((

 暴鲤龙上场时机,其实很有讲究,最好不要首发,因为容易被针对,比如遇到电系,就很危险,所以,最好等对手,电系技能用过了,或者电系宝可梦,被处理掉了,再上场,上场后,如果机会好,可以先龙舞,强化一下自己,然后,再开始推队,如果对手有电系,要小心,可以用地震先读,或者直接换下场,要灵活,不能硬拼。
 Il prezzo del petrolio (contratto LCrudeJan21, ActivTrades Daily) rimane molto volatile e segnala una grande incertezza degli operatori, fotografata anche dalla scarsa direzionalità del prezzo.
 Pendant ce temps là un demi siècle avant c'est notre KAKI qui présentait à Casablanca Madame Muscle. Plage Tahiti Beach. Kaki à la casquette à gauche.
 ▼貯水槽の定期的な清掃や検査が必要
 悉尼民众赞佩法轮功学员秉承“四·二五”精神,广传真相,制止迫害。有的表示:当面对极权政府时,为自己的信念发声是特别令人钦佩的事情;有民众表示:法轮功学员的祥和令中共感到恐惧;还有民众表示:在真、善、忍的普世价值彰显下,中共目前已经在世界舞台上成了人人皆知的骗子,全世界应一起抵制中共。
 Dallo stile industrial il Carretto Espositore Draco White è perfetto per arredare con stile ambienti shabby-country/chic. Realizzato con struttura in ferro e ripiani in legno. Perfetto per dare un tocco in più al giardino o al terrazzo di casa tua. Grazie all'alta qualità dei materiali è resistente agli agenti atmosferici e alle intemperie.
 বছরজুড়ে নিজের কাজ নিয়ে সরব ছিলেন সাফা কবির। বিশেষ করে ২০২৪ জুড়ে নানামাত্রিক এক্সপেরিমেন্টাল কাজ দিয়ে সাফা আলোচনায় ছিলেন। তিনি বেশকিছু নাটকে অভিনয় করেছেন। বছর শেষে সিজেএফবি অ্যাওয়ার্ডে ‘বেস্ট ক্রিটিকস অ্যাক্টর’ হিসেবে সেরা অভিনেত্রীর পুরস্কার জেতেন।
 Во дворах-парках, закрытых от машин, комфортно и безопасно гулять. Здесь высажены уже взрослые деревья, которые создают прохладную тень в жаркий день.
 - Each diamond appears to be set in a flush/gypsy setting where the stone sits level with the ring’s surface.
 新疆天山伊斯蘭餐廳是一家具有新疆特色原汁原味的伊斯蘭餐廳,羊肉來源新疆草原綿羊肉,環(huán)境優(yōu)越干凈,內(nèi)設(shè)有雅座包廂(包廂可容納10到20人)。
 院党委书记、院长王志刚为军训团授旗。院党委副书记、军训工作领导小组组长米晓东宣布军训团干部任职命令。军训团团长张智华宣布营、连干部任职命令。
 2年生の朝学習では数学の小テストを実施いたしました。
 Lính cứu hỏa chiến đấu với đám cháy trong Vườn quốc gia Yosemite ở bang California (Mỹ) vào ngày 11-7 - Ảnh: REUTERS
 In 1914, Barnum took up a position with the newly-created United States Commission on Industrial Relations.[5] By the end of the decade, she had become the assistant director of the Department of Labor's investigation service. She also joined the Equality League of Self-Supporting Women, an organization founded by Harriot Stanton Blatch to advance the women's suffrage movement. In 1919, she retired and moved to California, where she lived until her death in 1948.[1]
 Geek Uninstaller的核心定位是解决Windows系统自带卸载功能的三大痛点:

))

## TASK REQUIREMENTS:
All lines from the one containing "In 1914, Barnum" to the last line of the material above must be copied exactly, and only those.

## EXERCISE RESULT:
 In 1914, Barnum took up a position with the newly-created United States Commission on Industrial Relations.[5] By the end of the decade, she had become the assistant director of the Department of Labor's investigation service. She also joined the Equality League of Self-Supporting Women, an organization founded by Harriot Stanton Blatch to advance the women's suffrage movement. In 1919, she retired and moved to California, where she lived until her death in 1948.[1]
 Geek Uninstaller的核心定位是解决Windows系统自带卸载功能的三大痛点:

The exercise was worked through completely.